There are several silver linings in Netanyahu’s playbook between now and September’s elections. With Israeli politics entering a three-month election season, the hearings on the corruption cases assembled by attorney-general Avichai Mandelblit will have to wait until after September. In late June, Netanyahu will go to Bahrain for the American-led ‘economic peace’ conference on the Palestinian economy.
Jared Kushner and Donald Trump’s Middle East envoy Jason Greenblatt arrived in Israel just after Wednesday night’s vote. They had spent Tuesday in Morocco and Wednesday in Jordan, laying the ground for the Bahrain conference, and trying to persuade Abdullah II of Jordan to participate along with Saudi Arabia, the UAE and Qatar. Israeli elections will further complicate American efforts to convince Arab allies to support the decoupling of ‘economic peace’ from the as-yet unspecified terms of ‘political peace’. Meanwhile, Netanyahu will scoop the diplomatic gains, and claim a diplomatic breakthrough in relations with the Sunni Arab states, while escaping pressure for sudden reciprocal moves on his part.
So as embarrassments go, this one may yet turn out to Netanyahu’s short-term advantage. He is a master of short-term gambits, an incrementalist who makes and breaks electoral promises and coalition deals, and he is sure to convert this disaster into an opportunity. While Netanyahu logs another five months in office and makes himself more inevitable than he already seems, his biggest challengers, the Blue and White alliance, fought their first campaign in April and will return to the polls in September as less of a novelty.

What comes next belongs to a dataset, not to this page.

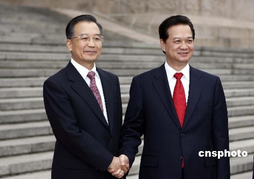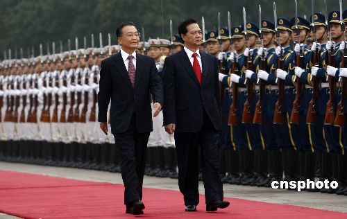 10月22日,中國(guó)國(guó)務(wù)院總理溫家寶在北京人民大會(huì)堂東門外廣場(chǎng)舉行儀式,歡迎越南總理阮晉勇。中新社發(fā) 盛佳鵬 攝

The threshold for entry to the Knesset is 3.25 percent of the votes. In April, two rival right-wing parties scraped past it: Yisrael Beitenu (4.01 percent), and the United Right (3.7 percent), an extremist coalition organized by Netanyahu in order to block the New Right party led by the religious-secular duo Naftali Bennett and Ayelet Shaked. The gambit worked, and New Right, polling 3.22 percent, were excluded from the Knesset. This time around, Netanyahu will do his best to avenge himself on Lieberman by compressing Yisrael Beitenu’s vote below the threshold. Given the tight margins and the musical chairs of Israel’s right-wing politics, September’s results are hard to predict. On Wednesday night, it was rumored that Shaked might join the Likud slate.
It is possible that, come the small hours of September 17, Netanyahu may again find that the easiest path to a stable coalition runs through the Scylla and Charybdis of the religious and secular parties. Lieberman may well still be in the Knesset, and Avichai Mandelblit will still be waiting with the corruption charges on which he has worked so long and carefully. First, however, Netanyahu will need a few more tricks up his sleeve if he is to get through September’s elections. But then, they do call him ‘the magician’.
Dominic Green is Life & Arts Editor of Spectator USA.